Exercise data:
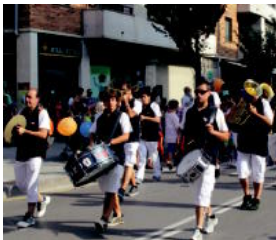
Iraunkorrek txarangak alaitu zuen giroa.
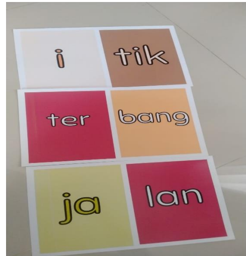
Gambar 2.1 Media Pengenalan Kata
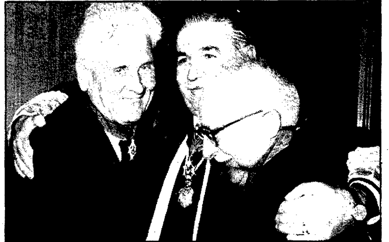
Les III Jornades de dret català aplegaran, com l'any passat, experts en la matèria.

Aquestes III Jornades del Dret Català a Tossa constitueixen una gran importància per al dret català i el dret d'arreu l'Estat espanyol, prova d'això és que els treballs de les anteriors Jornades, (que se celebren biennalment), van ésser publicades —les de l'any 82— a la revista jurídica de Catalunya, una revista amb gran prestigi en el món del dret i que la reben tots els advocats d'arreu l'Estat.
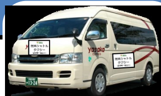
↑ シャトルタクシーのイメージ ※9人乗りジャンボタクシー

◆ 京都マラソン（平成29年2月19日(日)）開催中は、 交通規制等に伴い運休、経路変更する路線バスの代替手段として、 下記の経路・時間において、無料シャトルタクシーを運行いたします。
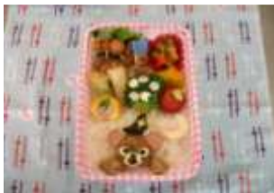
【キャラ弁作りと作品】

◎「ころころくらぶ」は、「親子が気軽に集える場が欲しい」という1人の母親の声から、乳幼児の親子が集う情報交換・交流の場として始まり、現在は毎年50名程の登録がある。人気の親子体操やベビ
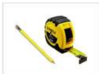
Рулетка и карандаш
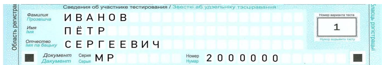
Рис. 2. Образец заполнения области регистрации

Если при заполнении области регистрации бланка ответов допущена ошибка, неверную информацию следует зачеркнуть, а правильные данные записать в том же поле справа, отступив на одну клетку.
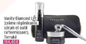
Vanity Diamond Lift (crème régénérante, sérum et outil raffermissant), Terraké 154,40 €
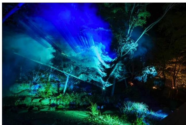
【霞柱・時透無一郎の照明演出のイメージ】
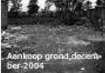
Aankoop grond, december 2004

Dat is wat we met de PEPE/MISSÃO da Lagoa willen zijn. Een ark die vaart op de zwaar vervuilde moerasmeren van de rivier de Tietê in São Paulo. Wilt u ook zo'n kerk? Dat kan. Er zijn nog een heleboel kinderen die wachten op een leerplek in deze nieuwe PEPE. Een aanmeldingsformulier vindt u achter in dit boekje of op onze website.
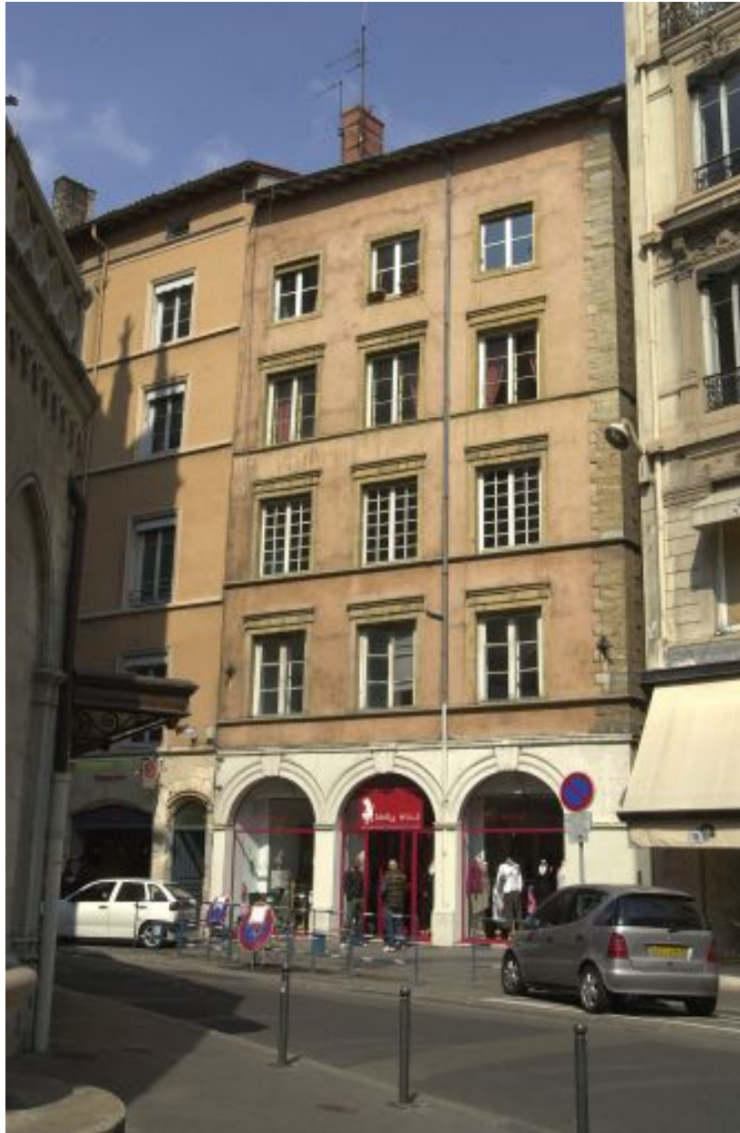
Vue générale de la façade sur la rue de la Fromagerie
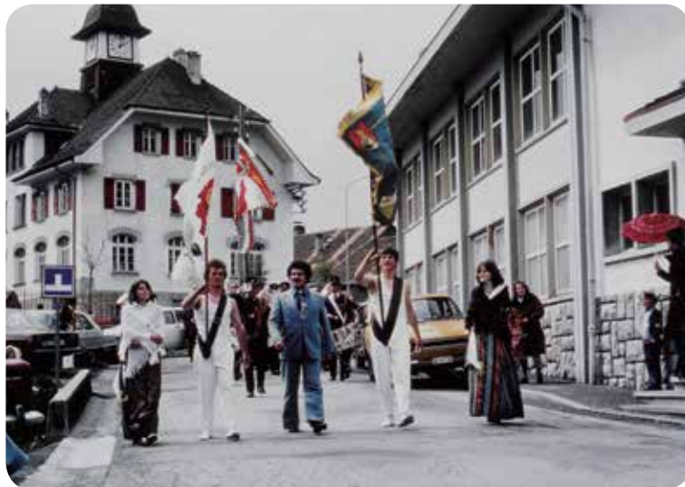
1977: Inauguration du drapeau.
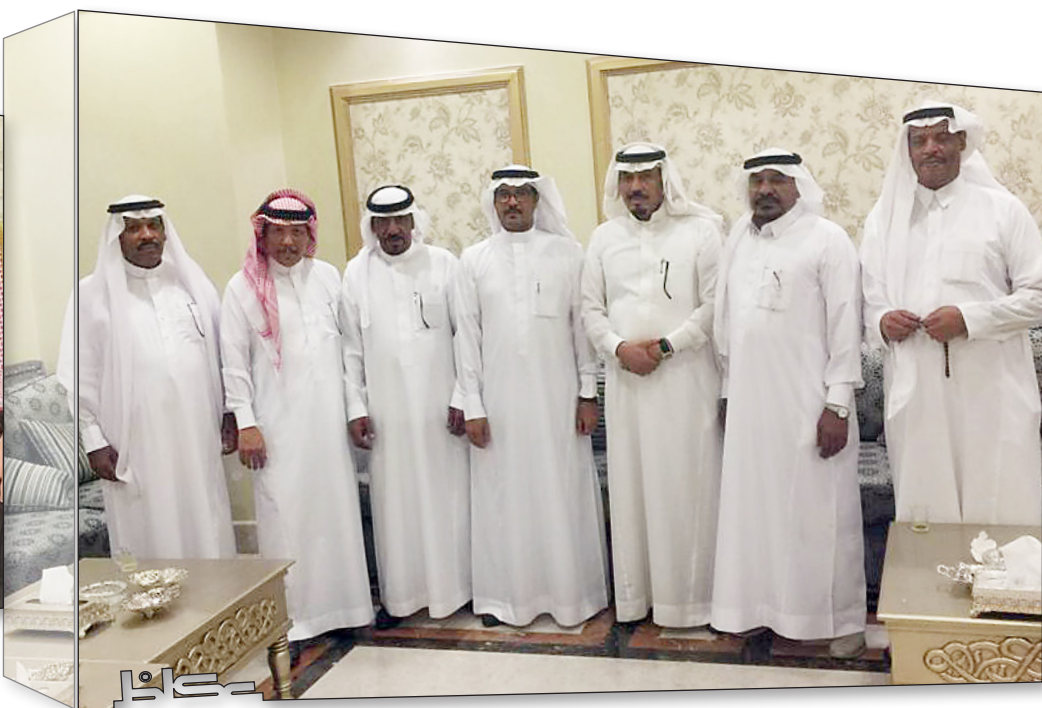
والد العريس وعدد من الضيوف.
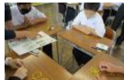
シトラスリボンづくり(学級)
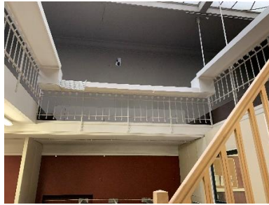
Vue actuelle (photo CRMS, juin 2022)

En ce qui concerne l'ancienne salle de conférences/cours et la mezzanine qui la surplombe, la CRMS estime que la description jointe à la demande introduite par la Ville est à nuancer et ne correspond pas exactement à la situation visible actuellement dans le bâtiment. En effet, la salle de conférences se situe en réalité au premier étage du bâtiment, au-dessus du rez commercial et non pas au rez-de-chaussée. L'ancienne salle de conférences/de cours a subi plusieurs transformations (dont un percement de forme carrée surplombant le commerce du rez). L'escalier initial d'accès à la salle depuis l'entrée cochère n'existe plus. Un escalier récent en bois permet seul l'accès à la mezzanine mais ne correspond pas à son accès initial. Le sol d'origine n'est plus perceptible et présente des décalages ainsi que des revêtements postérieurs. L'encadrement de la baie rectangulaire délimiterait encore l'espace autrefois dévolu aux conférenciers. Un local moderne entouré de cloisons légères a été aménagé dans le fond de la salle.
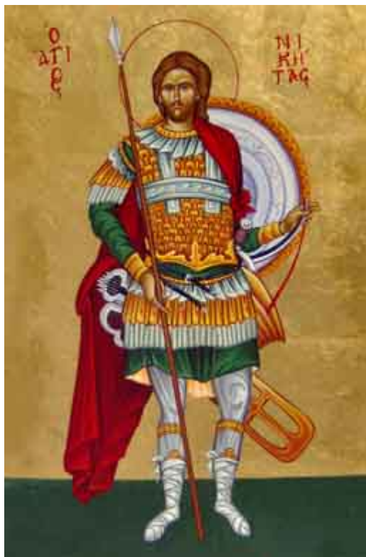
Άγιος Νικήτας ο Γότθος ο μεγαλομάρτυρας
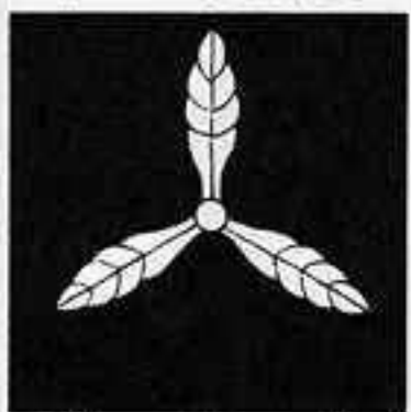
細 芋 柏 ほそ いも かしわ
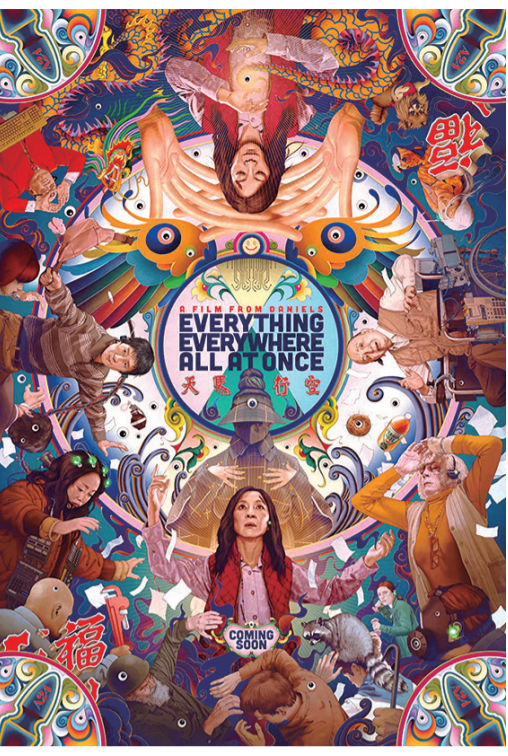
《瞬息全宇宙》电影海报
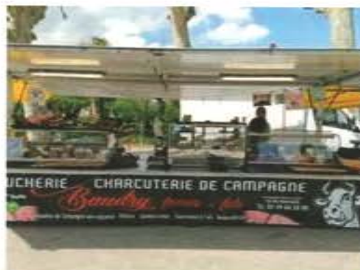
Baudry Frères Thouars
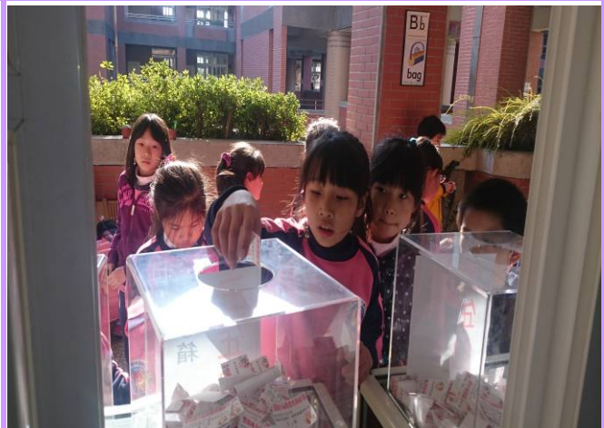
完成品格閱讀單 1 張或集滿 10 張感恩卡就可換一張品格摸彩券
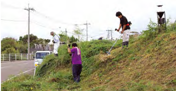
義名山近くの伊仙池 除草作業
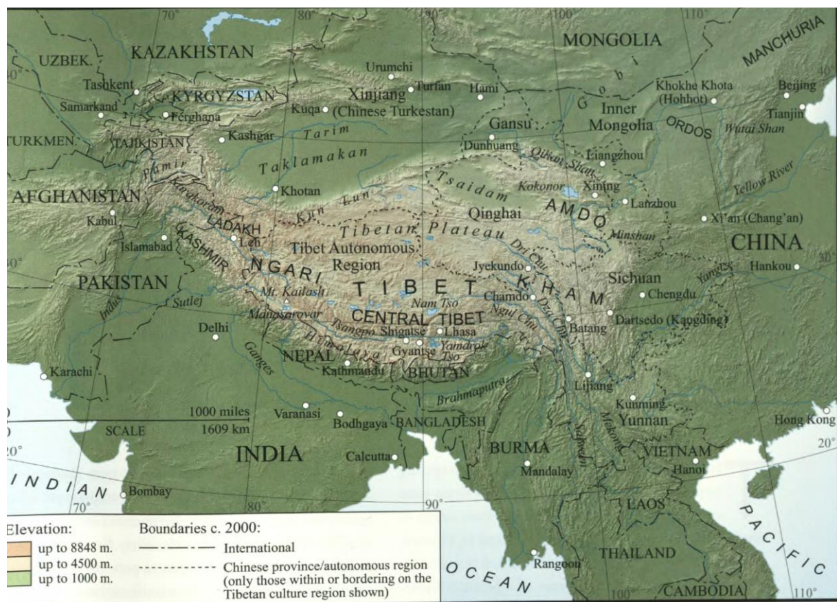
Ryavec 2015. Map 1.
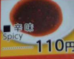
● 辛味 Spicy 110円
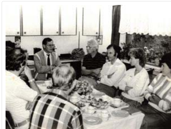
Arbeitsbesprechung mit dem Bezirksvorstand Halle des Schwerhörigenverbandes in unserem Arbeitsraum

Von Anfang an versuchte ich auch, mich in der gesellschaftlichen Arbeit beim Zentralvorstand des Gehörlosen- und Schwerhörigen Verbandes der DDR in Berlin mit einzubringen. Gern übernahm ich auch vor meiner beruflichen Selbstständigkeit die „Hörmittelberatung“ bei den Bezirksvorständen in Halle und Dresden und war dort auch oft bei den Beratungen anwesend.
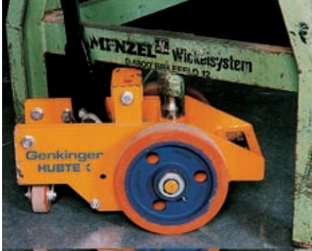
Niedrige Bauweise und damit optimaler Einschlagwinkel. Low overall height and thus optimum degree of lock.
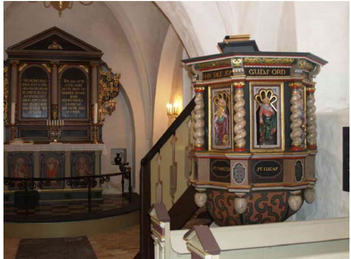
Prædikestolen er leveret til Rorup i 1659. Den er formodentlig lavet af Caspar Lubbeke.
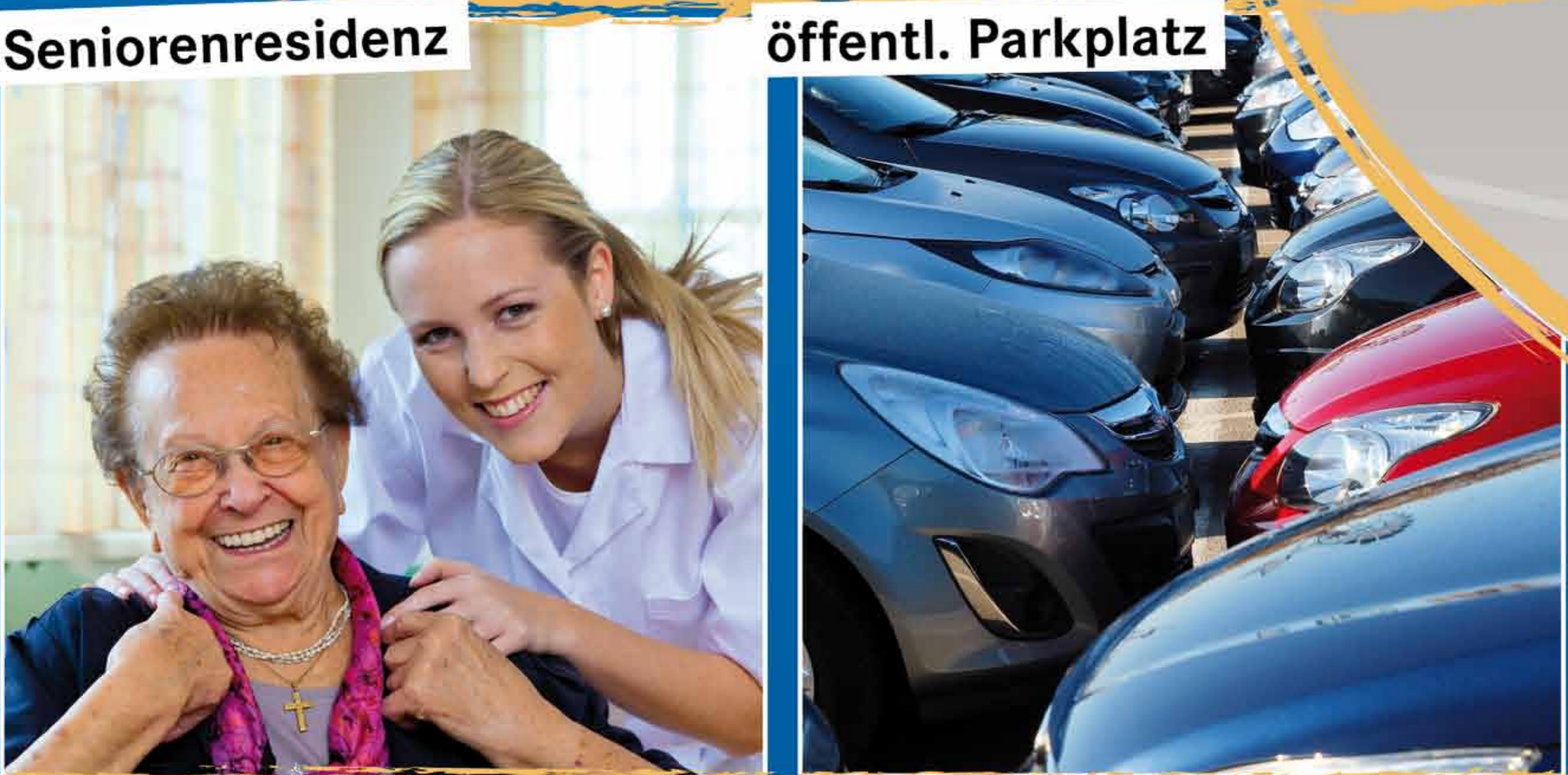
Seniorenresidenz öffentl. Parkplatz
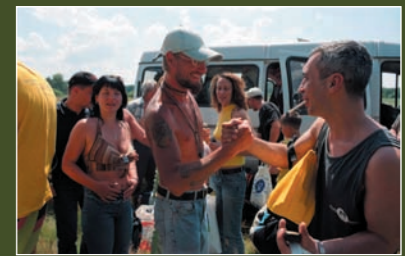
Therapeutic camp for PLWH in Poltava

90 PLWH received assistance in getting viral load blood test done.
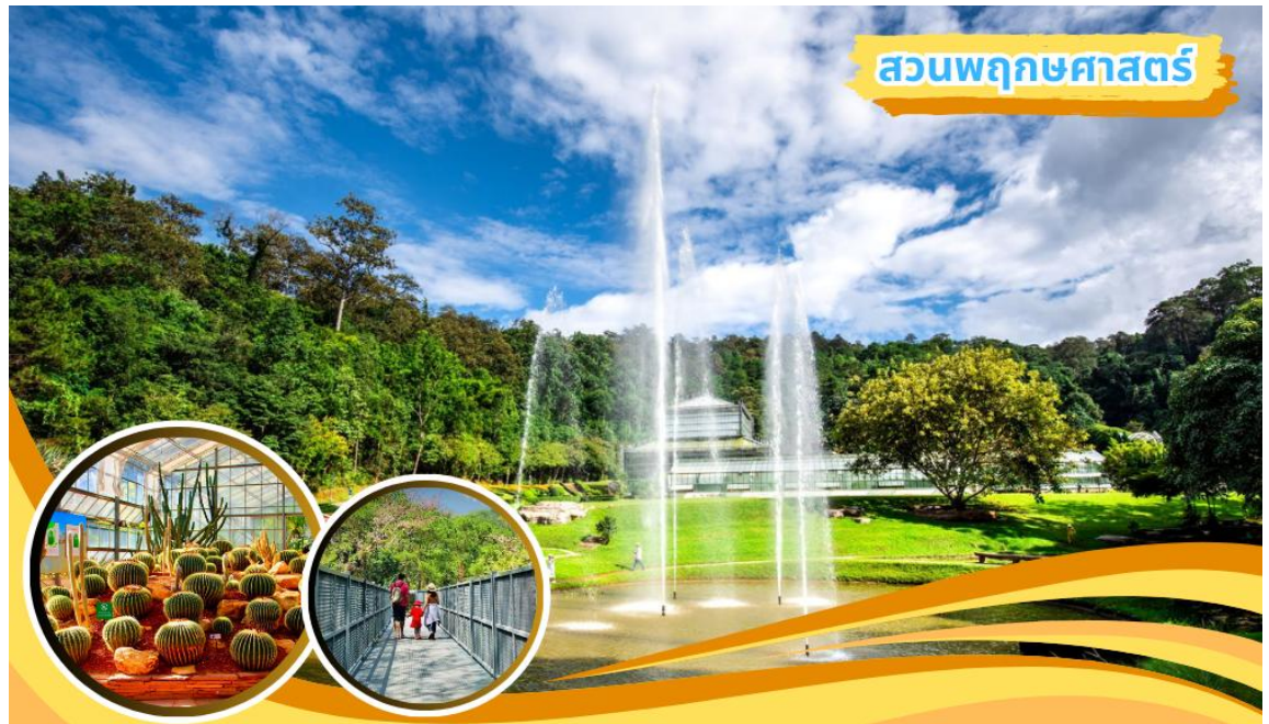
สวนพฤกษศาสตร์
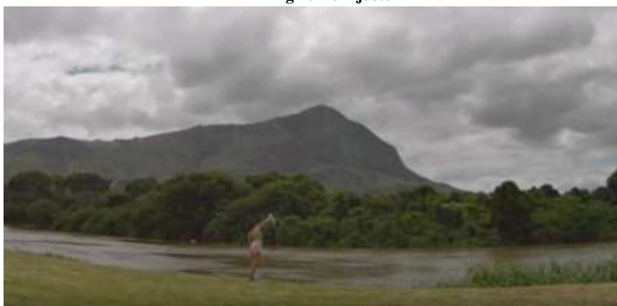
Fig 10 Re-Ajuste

What is needed: Nothing but the lines from the one holding "義名山近くの伊仙池 除草作業" to the end of the entries above should be echoed, exactly and with both ends included; omit the pictures.

Response:
義名山近くの伊仙池 除草作業
Ryavec 2015. Map 1.
● 辛味 Spicy 110円
Arbeitsbesprechung mit dem Bezirksvorstand Halle des Schwerhörigenverbandes in unserem Arbeitsraum

Von Anfang an versuchte ich auch, mich in der gesellschaftlichen Arbeit beim Zentralvorstand des Gehörlosen- und Schwerhörigen Verbandes der DDR in Berlin mit einzubringen. Gern übernahm ich auch vor meiner beruflichen Selbstständigkeit die „Hörmittelberatung“ bei den Bezirksvorständen in Halle und Dresden und war dort auch oft bei den Beratungen anwesend.
Niedrige Bauweise und damit optimaler Einschlagwinkel. Low overall height and thus optimum degree of lock.
Prædikestolen er leveret til Rorup i 1659. Den er formodentlig lavet af Caspar Lubbeke.
Seniorenresidenz öffentl. Parkplatz
Therapeutic camp for PLWH in Poltava

90 PLWH received assistance in getting viral load blood test done.
สวนพฤกษศาสตร์
Fig 10 Re-Ajuste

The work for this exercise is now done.